**Task brief**
Transcribe every line below exactly; no image goes into the output.

**Available data**
-------
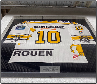 Au-delà de l’indescriptible drame qui marquera l’ensemble de cette génération et le CHAR, le club choisira de lui rendre hommage pour l’éternité en retirant le numéro du maillot qu’il portait, le numéro 10. Romain est né le 15 février 1985 au Havre. C’est d’ailleurs dans la patinoire de la Porte Océane qu’il donna ses premiers coups de patin à l’âge de 6 ans. Partie intégrante de toute une génération de talentueux havrais, les Nicolas Besch, Geoffroy Augereau et autre Julien Tillou qui prendront l’autoroute vers la ville aux cent clochers, Romain Montagnac débarqua sur l’Ile Lacroix en 2000 pour intégrer à l’époque l’équipe U16 (minime) rouennaise. Une première année courageuse faite d’allers-retours entre Le Havre et Rouen avant de se poser dans un appartement sur l’Ile Lacroix pour intégrer les entrainements du sport-étude et le légendaire lycée Val de Seine au Grand-Quevilly.
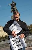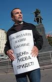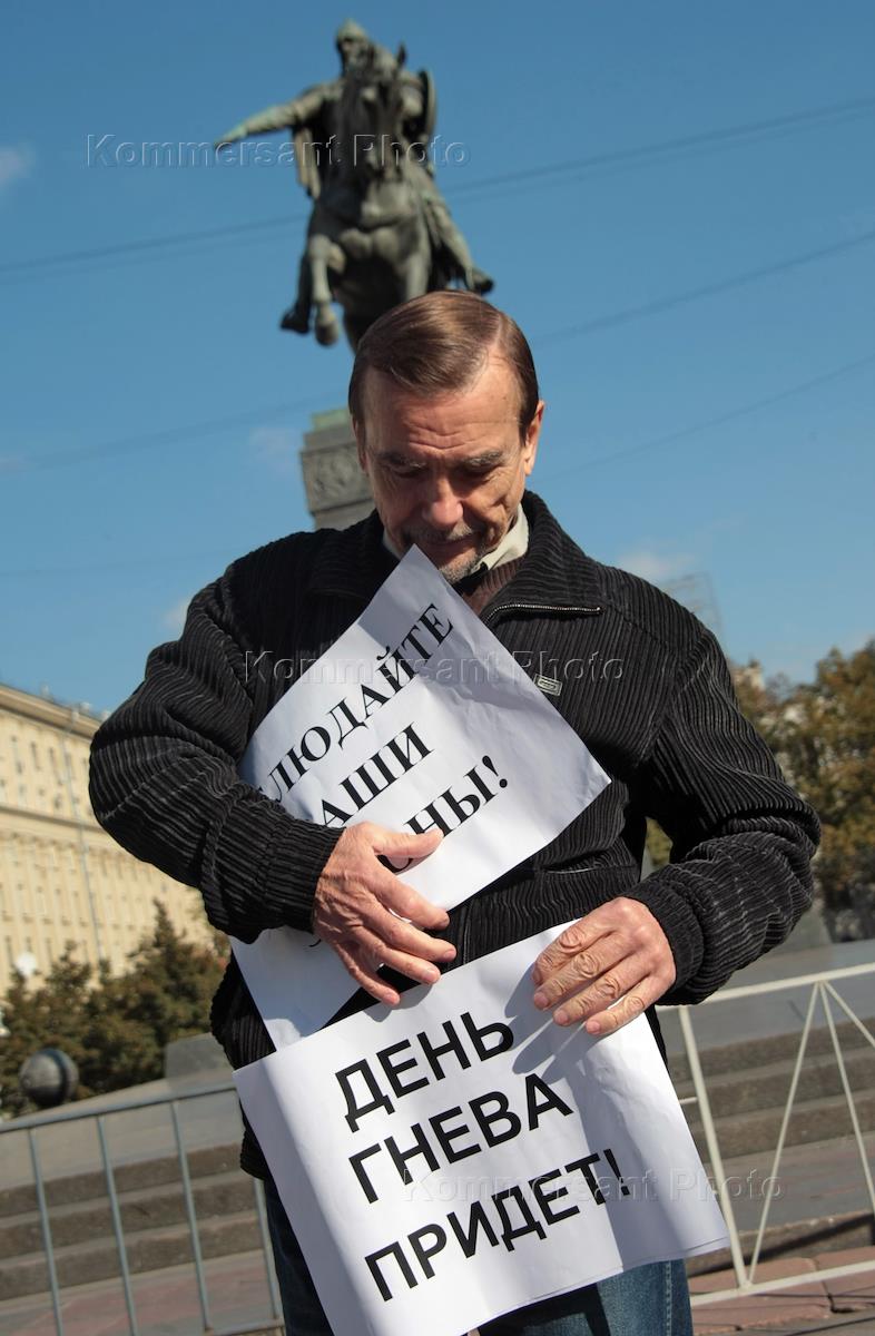 Исполнительный директор движения "За права человека" Лев Пономарев во время акции с требованием встречи с исполняющим обязанности мэра Москвы Владимиром Ресиным и согласования проведения Дня Гнева в заявленном месте - на Тверской площади у памятника Юрию Долгорукому.
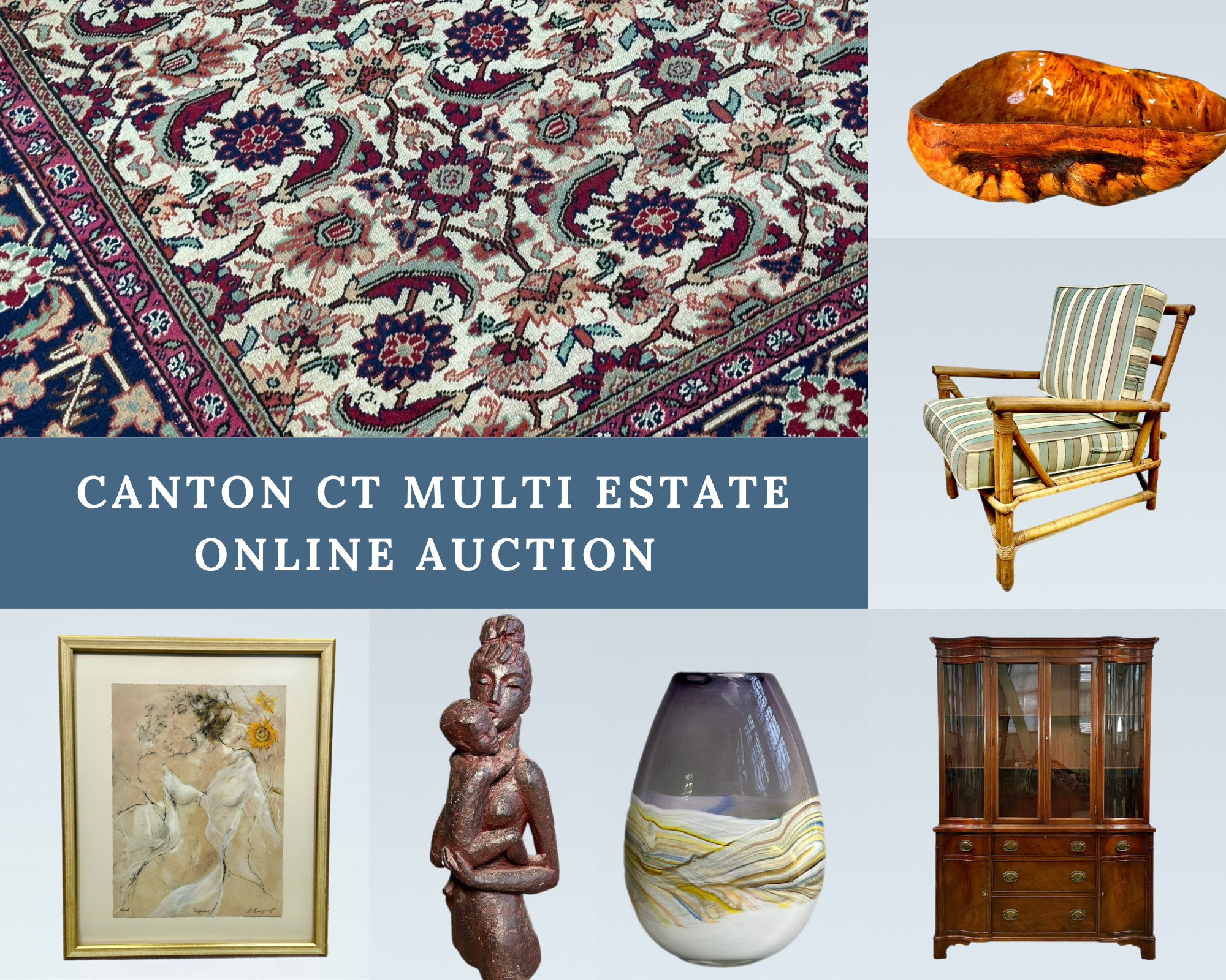 Explore the treasures from this beautiful home inside the LONG Estates in Bloomfield CT. This home is filled with an eclectic mix of styles including MCM, Danish Modern, Chinese, Japanese, Farmhouse Modern and Boho Chic! There is some amazing quality furniture, beautiful works of art, hand knotted rugs, unique decor, sterling silver, primitives, clocks, lamps, fishing and hunting art & decor, a great coin collection, vintage and antique treasures and many more great items! Have fun exploring this great variety and please reach out with any and all questions. Chris & Lauren 860-368-0122
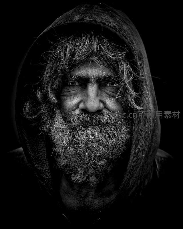 在纯黑背景下,一位戴着兜帽、留着浓密胡须的老者面容清晰,强烈的明暗对比突显其坚毅神情与岁月沉淀的厚重感。
-------
**Answer to this task**
 Au-delà de l’indescriptible drame qui marquera l’ensemble de cette génération et le CHAR, le club choisira de lui rendre hommage pour l’éternité en retirant le numéro du maillot qu’il portait, le numéro 10. Romain est né le 15 février 1985 au Havre. C’est d’ailleurs dans la patinoire de la Porte Océane qu’il donna ses premiers coups de patin à l’âge de 6 ans. Partie intégrante de toute une génération de talentueux havrais, les Nicolas Besch, Geoffroy Augereau et autre Julien Tillou qui prendront l’autoroute vers la ville aux cent clochers, Romain Montagnac débarqua sur l’Ile Lacroix en 2000 pour intégrer à l’époque l’équipe U16 (minime) rouennaise. Une première année courageuse faite d’allers-retours entre Le Havre et Rouen avant de se poser dans un appartement sur l’Ile Lacroix pour intégrer les entrainements du sport-étude et le légendaire lycée Val de Seine au Grand-Quevilly.
 Исполнительный директор движения "За права человека" Лев Пономарев во время акции с требованием встречи с исполняющим обязанности мэра Москвы Владимиром Ресиным и согласования проведения Дня Гнева в заявленном месте - на Тверской площади у памятника Юрию Долгорукому.
 Explore the treasures from this beautiful home inside the LONG Estates in Bloomfield CT. This home is filled with an eclectic mix of styles including MCM, Danish Modern, Chinese, Japanese, Farmhouse Modern and Boho Chic! There is some amazing quality furniture, beautiful works of art, hand knotted rugs, unique decor, sterling silver, primitives, clocks, lamps, fishing and hunting art & decor, a great coin collection, vintage and antique treasures and many more great items! Have fun exploring this great variety and please reach out with any and all questions. Chris & Lauren 860-368-0122
 在纯黑背景下,一位戴着兜帽、留着浓密胡须的老者面容清晰,强烈的明暗对比突显其坚毅神情与岁月沉淀的厚重感。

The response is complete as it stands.